• _Supplied data_:
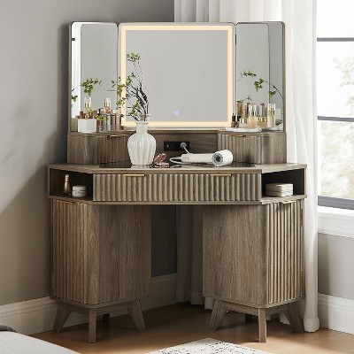 Corner Makeup Vanity Desk with LED Mirror & Charging Station, 48" Fluted Vanity Table with Glass Top & Storage Cabinets
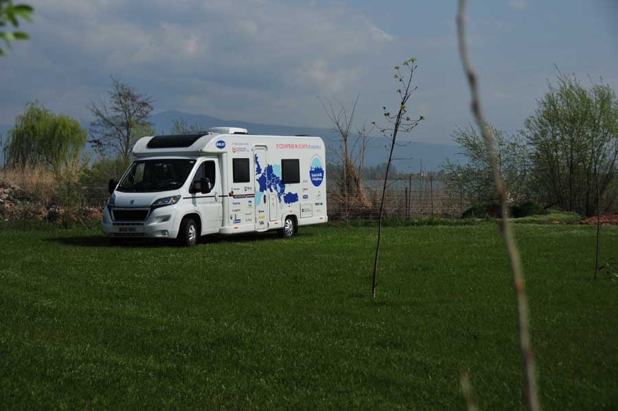For sure, we were interested about the activities, what was the idea of this happening, when one of the photographers was ready for some explanation, which should be such next big surprise: the camera team was expecting some mobile homes and trailer caravans which are altogether on a marketing trip across Europe for the development of British camper tourism including the Balkans as destination: 21 countries in 21 days # bristanbul! Quite comparable to our project ideas. Next to the team of photographers, there will be a motor home and two cars with caravan trailers, which will arrive little later, as he explained. They all started in Bristol / Great Britain, were passing France, Italy, Croatia, Montenegro and Albania, to arrive at Lake Ohrid in Macedonia as an intermediate destination to continue until final destination which is Istanbul later on.
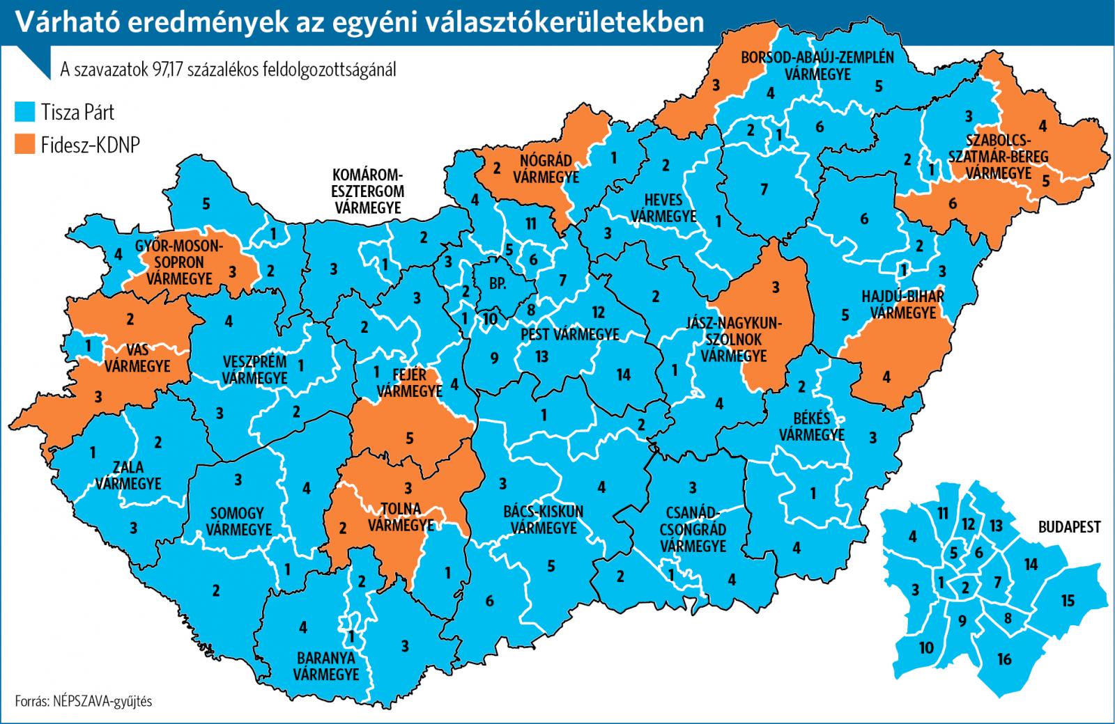 Elemzők szerint a 2026-os parlamenti választáson győztes Tisza Pártnak a külképviseleteken leadott, illetve az átjelentkezéssel leadott szavazatok akár még több mandátumot is hozhatnak, de most a jelenlegi állás alapján megpróbáltuk összegyűjteni a 106 választókerületből a legérdekesebbeket. Az új Országgyűlés 138 tiszás képviselője 93 egyéni választókerületben nyert, mint Petőfi Sándor versében a kelet-magyarországi folyónk, amikor kiáradt. Csak emlékeztetőül, Orbán Viktor leköszönő miniszterelnök a tavaly nyári tusnádürdői beszédében még 80 egyéni képviselői helyet jósolt, a Fidesznek. Az elmúlt hónapokban az ismertté vált közvélemény-kutatások alapján ezt a számot levitte 65-re , de arra talán ő sem gondolt, hogy végül a korrigált becslése töredékével is be kell érnie.

• _Your instructions_: Reproduce only the lines from the beginning of the data through the line that contains "For sure, we", both included, and please drop the pictures.

• _Output below_:
 Corner Makeup Vanity Desk with LED Mirror & Charging Station, 48" Fluted Vanity Table with Glass Top & Storage Cabinets
For sure, we were interested about the activities, what was the idea of this happening, when one of the photographers was ready for some explanation, which should be such next big surprise: the camera team was expecting some mobile homes and trailer caravans which are altogether on a marketing trip across Europe for the development of British camper tourism including the Balkans as destination: 21 countries in 21 days # bristanbul! Quite comparable to our project ideas. Next to the team of photographers, there will be a motor home and two cars with caravan trailers, which will arrive little later, as he explained. They all started in Bristol / Great Britain, were passing France, Italy, Croatia, Montenegro and Albania, to arrive at Lake Ohrid in Macedonia as an intermediate destination to continue until final destination which is Istanbul later on.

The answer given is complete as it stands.